Seguro será un buen Jefe cuando llegue
el momento. Me siento cansado. Realmente cansado. Voy a cerrar los ojos.
Unos escolares charlaban animados en la
plaza cuando de repente sintieron un pequeño ruido a sus espaldas. Julio el más
rápido de ellos se acercó y recogió algo del suelo.

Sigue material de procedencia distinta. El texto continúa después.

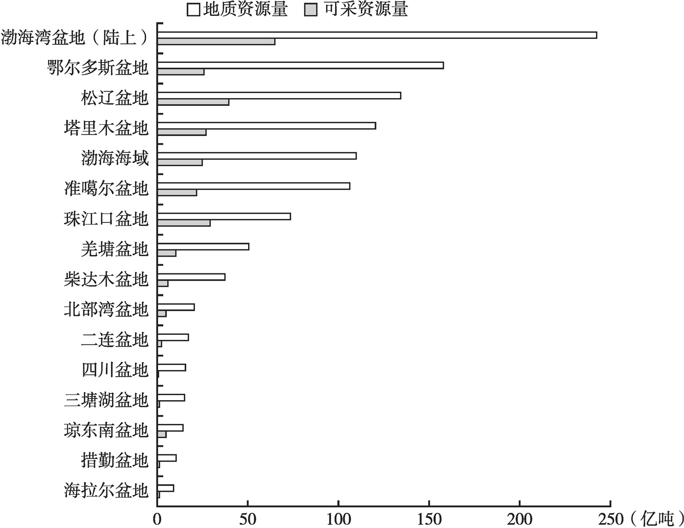 圖3 全國主要盆地石油地質(zhì)資源量與可采資源量

- Miren, cayó desde ese árbol, parece que
está muerta – dijo mientras sostenía en el hueco de sus manos infantiles el
cuerpo inerte de una golondrina.
-
Sí, pobrecita, habrá llegado agotada
- comentó Fabiana
- Pobrecita o pobrecito – terció la Maestra acercándose a
ellos, para agregar luego – las golondrinas hembra suelen anidar mientras las
golondrinas macho les buscan el sustento y las cuidan. Y juntos emigran en
bandadas siempre a la búsqueda de climas cálidos. Hay estudios que señalan que
estas simpáticas aves que todas las primaveras llegan a Salto vienen desde Centro
y Norteamérica. Luego cuando aparece el otoño, vuelven a emigrar a su sitio de
origen.
Desde
lo alto de una rama dos golondrinas asistían en silencio al diálogo. Una de
ellas tenía un curioso color azulado en sus alas.